Ms. Smith next claims that her hearing before the Board was defective because it was held before only one member of the Board. Nothing in the Assessment Law requires the hearing to be held before the full Board. The Assessment Law requires only that the Board “[h]ear and determine” appeals. Assessment Law, §302(3), as amended, 72 P.S. §5453.302(3). In Foley Brothers, Inc. v. Commonwealth, 400 Pa. 584, *595163 A.2d 80 (1960), the Pennsylvania Supreme Court held that identical language contained in Section 4 of the Act of May 20, 1937, P.L. 728, as amended, 72 P.S. §4651-4, relating to the powers of the Board of Arbitration of Claims, does not require all members of the Board to attend hearings. This court has stated in the same context that “all that need he done is that members not present when testimony is taken review such testimony before an adjudication is published. ’ ’ General State Authority v. Loffredo, 16 Pa. Commonwealth Ct. 237, 245, 328 A.2d 886, 892 (1974). Since it is undisputed in this case that the entire Board considered the evidence taken at Ms. Smith’s hearing, the decisions were regularly made.

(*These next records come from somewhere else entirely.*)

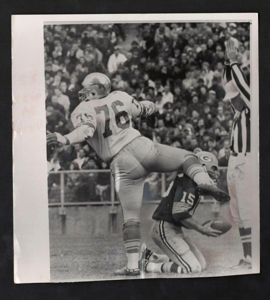 Note: Please study the images carefully to determine the condition of this vintage photograph, as it may not be in perfect condition. It may contain wrinkles, cracks, and possibly even tears due to its age and how it was handled before it got to us. A scanner may interpret colors and contrast differently than human eyes will, so it is possible that the actual photograph may be slightly darker or lighter in person. This vintage photograph is offered for sale as a collectible item and conveys no transfer of copyright. 8x 8 1/2 1965 Press Photo Bart Starr Green Bay Packers vs Roger Brown Detroit Lions $4.99 SHIPPING NO MATTER HOW MANY PHOTOS BOUGHT PER INVOICE
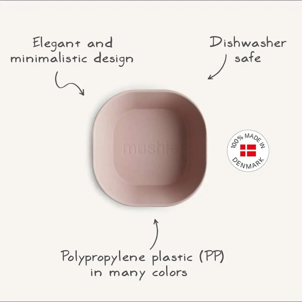 Zoznámte svojho drobca s prvými pevnými jedlami pomocou hranatej misky Mushie Dinner Bowl v odtieni Dusty Rose.
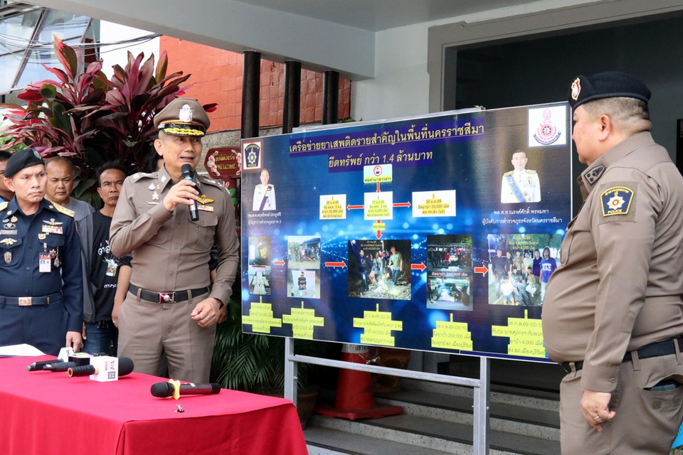 ตำรวจภูธรนครราชสีมาแถลงผลกวาดล้างเครือข่ายค้ายาเสพติดรายใหญ่ ขยายผลหลายคดี ยึดยาบ้ากว่า 300,000 เม็ด จับผู้ต้องหาหลายราย พร้อมยึดรถยนต์และทรัพย์สิน มุ่งสาวถึงนายทุนเครือข่ายชายแดนลาว
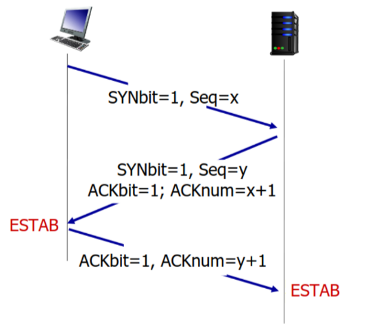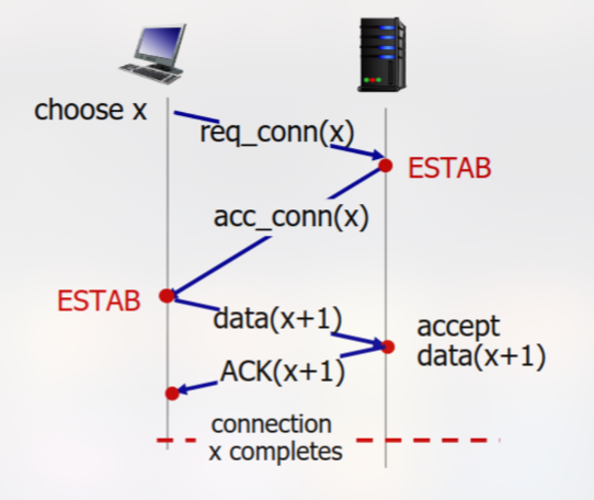 Una prima implementazione dell’handshake è l’handshake a 2 vie (two-way handshake), dove il mittente invia la richiesta di connessione al destinatario, il quale invia successivamente l’accettazione di tale richiesta, assumendo lo stato di connessione ESTAB (established).
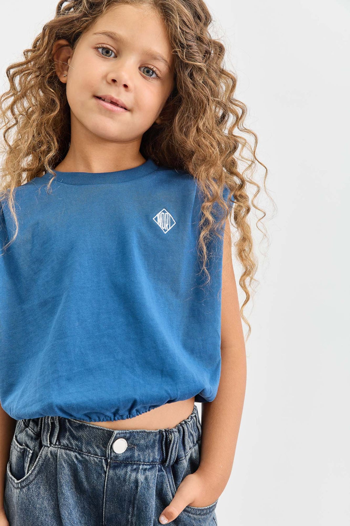 חולצה ללא שרוול בגזרת אוברסייז בשילוב כריות בכתפיים

Ms. Smith also claims that the assessments were invalid because some of the about 2500 appealing property owners did not receive notice of the Board’s decision within five days after their hearing, as required by Section 702 of the Assessment Law, 72 P.S. §5453.702. Ms. Smith received notice of the Board’s determinations three days after her hearing. The fact, if it is a fact, that others did not receive timely notice did not adversely affect her and therefore provides her no basis for attacking her assessments. Wm. Penn Parking Garage, Inc. v. City of Pittsburgh, 464 Pa. 168, 192, 346 A.2d 269, 281 (1975).

Finally Ms. Smith says that due process requires that the notice of the Board’s decision inform appealing property owners of their right to appeal to the Court of Common Pleas within sixty days. See Section 704 of the Assessment Law, as amended, 72 P.S. §5453.704. Nothing in the Assessment Law mandates such inclusion. Moreover, Ms. Smith has not suffered any injury from the lack of notice of her right to appeal since she did appeal to the lower court within the prescribed time limitation.

Orders affirmed.

*596Order

And Now, this 5th day of March, 1980, the orders of the Court of Common Pleas of Huntingdon County, Nos. 77-1926 and 77-1927 are affirmed.

President Judge Bowman did not participate in the decision in this case.

Section 702 of The Fourth to Eighth Class County Assessment Law, Act of May 21, 1943, P.L. 571, §702, as amended, 72 P.S. §5453.702 (Assessment Law), allowed the Board from September 1 to October 1 to complete the hearings. Section 3 of the Act of October 5, 1978, P.L. 1138 subsequently extended this period to October 31.

Section 3 of the Act of October 5, 1978, P.L. 1138 added the requirement that the notice must also state that the taxing district may also appeal and that the appeal, whether by an aggrieved person or by the hearing authority, must be filed within forty days of the date of the notice.